**Directions:**
Write the listing below out again exactly, dropping the images.

**Recorded information:**
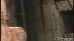 Esses gays estão na cadeia de castigo, e sendo amarrados eles não serão capazes de fazer nada enquanto os outros dois se excitam chupando seus paus.
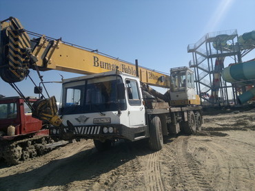 Основная стрела 50,4 метров + управляемый удлинитель 14 метров. Полный привод, крабовый ход.
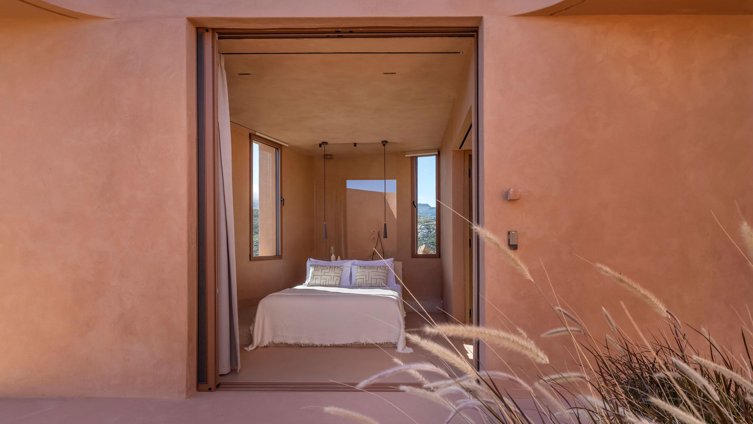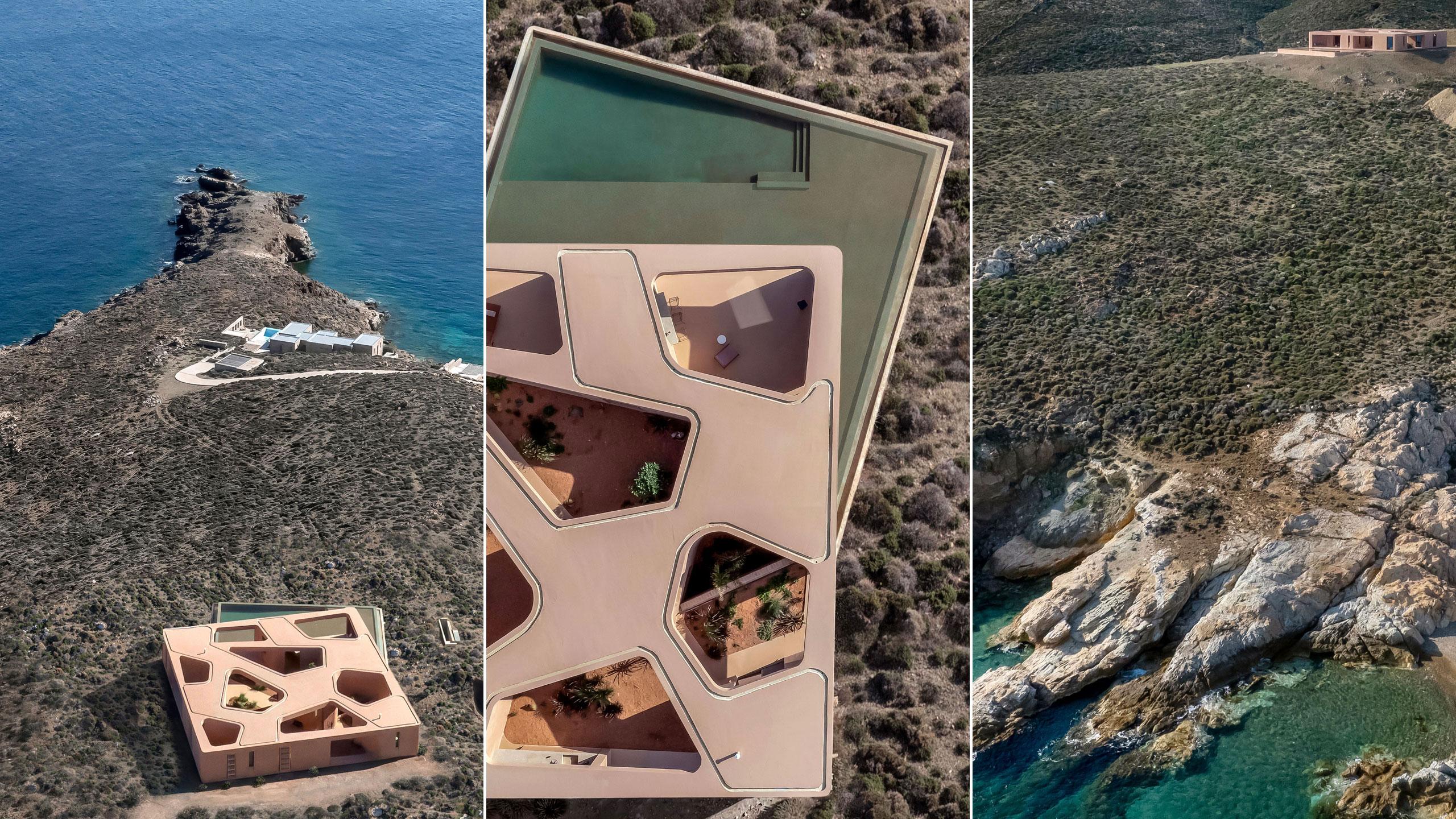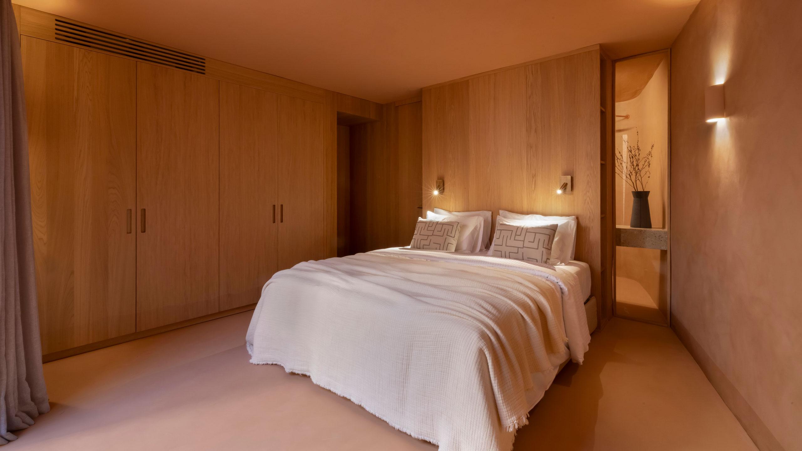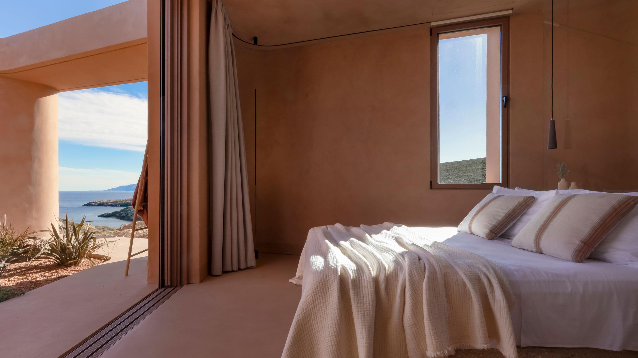The residence utilizes a monastic blueprint to thoughtfully separate private quarters from shared social hubs, accommodating up to twelve guests across five en-suite bedrooms. Each suite is conceived as an autonomous sanctuary of shadow and light, oriented toward either the expansive sea or the silent protection of internal, landscaped courtyards. These emerald pockets of native planting soften the villa’s sharp geometry, grounding the earth-hued interiors and micro-mosaic finishes within their natural surroundings. The house functions as a continuous loop, an architectural rhythm of opening and closing that allows the individual and the group to coexist without ever competing for space.

**Answer box:**
 Esses gays estão na cadeia de castigo, e sendo amarrados eles não serão capazes de fazer nada enquanto os outros dois se excitam chupando seus paus.
 Основная стрела 50,4 метров + управляемый удлинитель 14 метров. Полный привод, крабовый ход.
The residence utilizes a monastic blueprint to thoughtfully separate private quarters from shared social hubs, accommodating up to twelve guests across five en-suite bedrooms. Each suite is conceived as an autonomous sanctuary of shadow and light, oriented toward either the expansive sea or the silent protection of internal, landscaped courtyards. These emerald pockets of native planting soften the villa’s sharp geometry, grounding the earth-hued interiors and micro-mosaic finishes within their natural surroundings. The house functions as a continuous loop, an architectural rhythm of opening and closing that allows the individual and the group to coexist without ever competing for space.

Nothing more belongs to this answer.